The present disclosure provides a cold snare, including: a spring tube; a drive wire, passing through the spring tube, and reciprocating motion in a direction of a longitudinal axis of the spring tube; and a loop, fixedly connected to a distal end of the drive wire, motion of the drive wire being used for controlling the loop to enter and exit the spring tube.

In an implementation, the cold snare further includes an end member fixedly connected to a distal end of the spring tube, the end member has an inner hole in communication with the spring tube; the loop enters and exits the spring tube through the inner hole.

In an implementation, the end member has a distal end face and an inner circumferential surface corresponding to the inner hole, and a round corner is arranged between the distal end face and the inner circumferential surface.

In an implementation, the end member is made of a metal.

In an implementation, the loop is made of a nickel-titanium alloy.

In an implementation, the loop is in a single wire structure.

In an implementation, a cross section of the wire is round, square or flat.
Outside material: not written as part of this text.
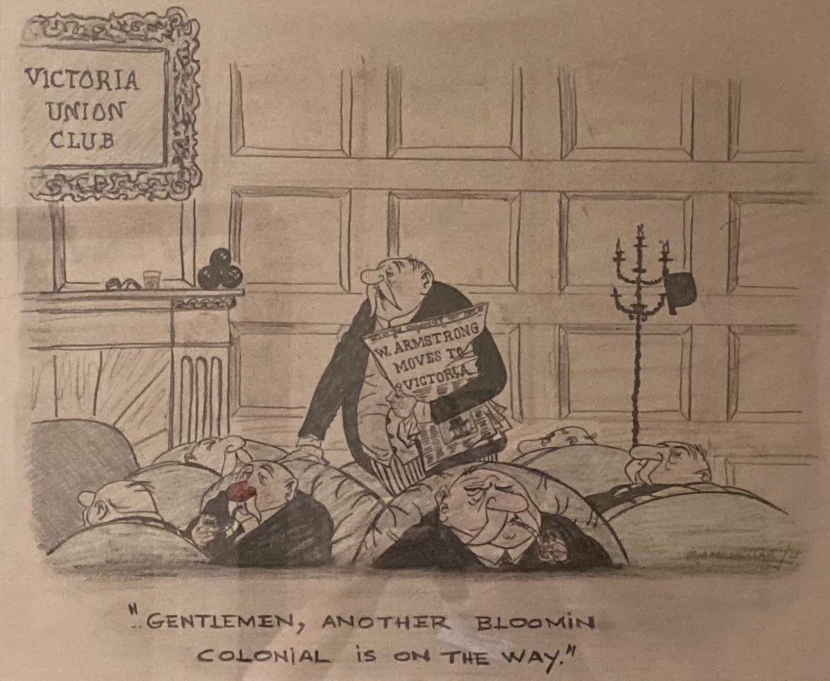 This humourous cartoon shows a gathering of seated elderly mustachioed gentlemen in formal dress at the "VICTORIA UNION CLUB". The one man standing with a newspaper is commenting ("...GENTLEMEN, ANOTHER BLOOMIN COLONIAL IS ON THE WAY") on the headline (W. ARMSTRONG MOVES TO VICTORIA). The specific issue or context is not known. The man to the left smoking a pipe is depicted with an impressive bulbous red nose.
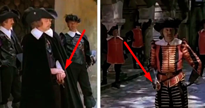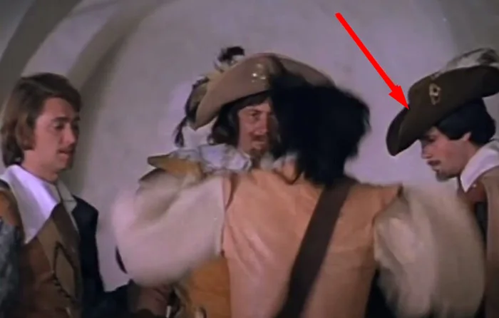 7. Арамис поет свою песню без шляпы на голове, после чего он направился в сторону своих друзей. Но при смене кадра шляпа вдруг очутилась на нем, хотя мушкетер не смог бы нацепить ее на себя с такой скоростью.

In an implementation, the loop includes a first ring segment, a necking segment and a second ring segment connected sequentially; the first ring segment has a first intersection point connected with the necking segment, and the first ring segment is in a streamlined shape with smooth transition from a proximal end of the first ring segment to the first intersection point; the second ring segment has a second intersection point connected with the necking segment, and the second ring segment is in a streamlined shape with smooth transition from a proximal end of the second ring segment to the second intersection point.
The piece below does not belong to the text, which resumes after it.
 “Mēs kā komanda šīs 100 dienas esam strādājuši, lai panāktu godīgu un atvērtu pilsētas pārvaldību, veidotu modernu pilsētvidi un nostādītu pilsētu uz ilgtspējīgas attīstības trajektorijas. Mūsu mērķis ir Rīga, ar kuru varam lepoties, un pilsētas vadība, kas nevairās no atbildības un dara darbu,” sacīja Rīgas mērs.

In an implementation, the loop is water drop-shaped or oval.

In an implementation, the cold snare further includes a riveted tube, the riveted tube has a cylindrical outer circumferential surface, a distal end of the drive wire is fixedly connected in the riveted tube, and a proximal end of the loop is fixedly connected in the riveted tube.
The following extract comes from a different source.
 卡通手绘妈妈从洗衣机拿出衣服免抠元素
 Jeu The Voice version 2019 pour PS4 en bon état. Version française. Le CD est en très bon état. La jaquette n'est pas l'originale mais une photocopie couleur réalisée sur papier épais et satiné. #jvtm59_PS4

In an implementation, the cold snare further includes an outer skin wrapped on outside of the spring tube.

In an implementation, the outer skin includes a polymer tube.

In an implementation, the distal end of the spring tube is further provided with a scale for measuring a size of a polyp to be cut.

In an implementation, the spring tube includes a flexible metal tube or an elastic metal tube.

In an implementation, the flexible metal tube or elastic metal tube comprises any one of a metal wire wound spring tube and a spirally cut metal tube, such as a spirally cut stainless steel tube, or a combination thereof.

BRIEF DESCRIPTION OF DRAWINGS

To describe the technical solutions in embodiments of the present disclosure more clearly, the following briefly introduces the accompanying drawings needed for describing the embodiments. It should be understood that the following accompanying drawings illustrate merely some embodiments of the present disclosure, and thus should not be regarded as limiting the scope, and those skilled in the art may still derive other related drawings from these accompanying drawings without creative effort.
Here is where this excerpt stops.